Times change. Mom has not adapted to new policies. But on the phone I heard management make a startling statement: “She wants us to be the way we were in the 50s or 60s.” Paraphrased further, if you don’t like the new changes and policies, then, your 60 year relationship means absolutely nothing.

Interestingly, this is the same attitude that has overtaken the work place. Seniority used to matter. It meant more experience and likely an ability to handle unusual challenges successfully. Now, the years likely equal a higher pay scale, health deterioration, and possible pension pay outs.

The desire to “standardize” which made places like McDonalds and Starbucks household successes from one corner of the globe to the other has overtaken nearly everything. Unfortunately, the fast food or laid back coffee drinking experiences do not “standardize” to more complex consumer interactions.
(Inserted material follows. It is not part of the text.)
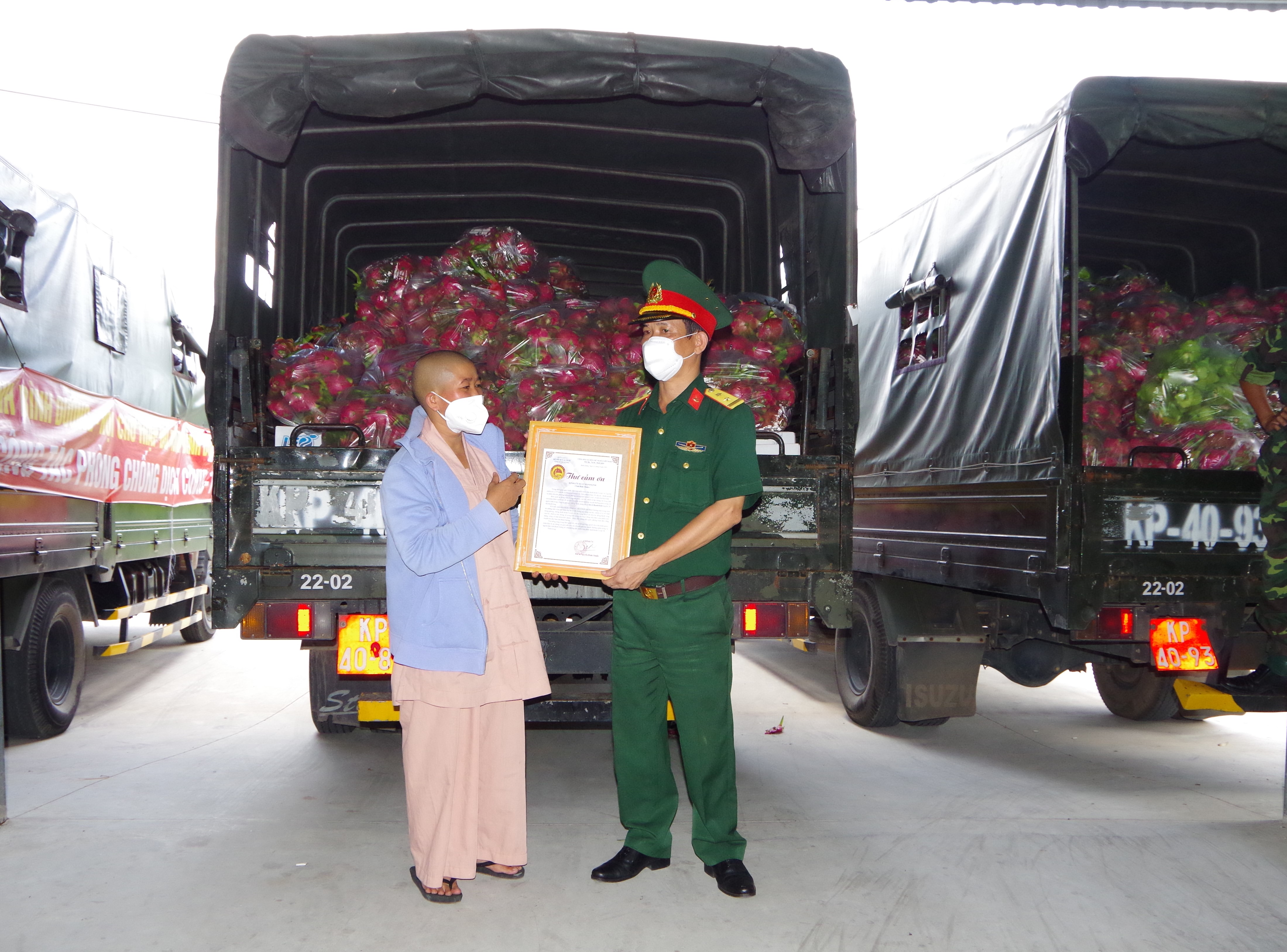 Thủ trưởng Bộ CHQS tỉnh Bình Dương chân thành cảm ơn tấm lòng của Sư cô Hạnh Kính với món quà trên, mong muốn sư cô và các tăng ni phật tử tiếp tục đồng hành cùng quân – dân tỉnh Bình Dương chung tay vượt qua đại dịch.

What’s awesome for one demographic isn’t cool for another. Usually, an experienced manager would convey styles and nuances to younger, newer and even the more gruff workers. They might convey it to middle-management too.

Unfortunately, the bottom line has become too “standardized” for adjusting service. No, the customer isn’t always right; the computer is.

Maybe that’s why it’s harder to describe , maintain, and discover an appropriate balance between ‘business friendly’ and ‘customer service.’ No one is perfect, lest anyone should boast, but it’s one thing to have a standard scenario and another to adjust the scenario so that instead of ‘service,’ it begets discourtesy and taking advantage.

Just some words to ponder and determine how and if they apply to interactions along the journey.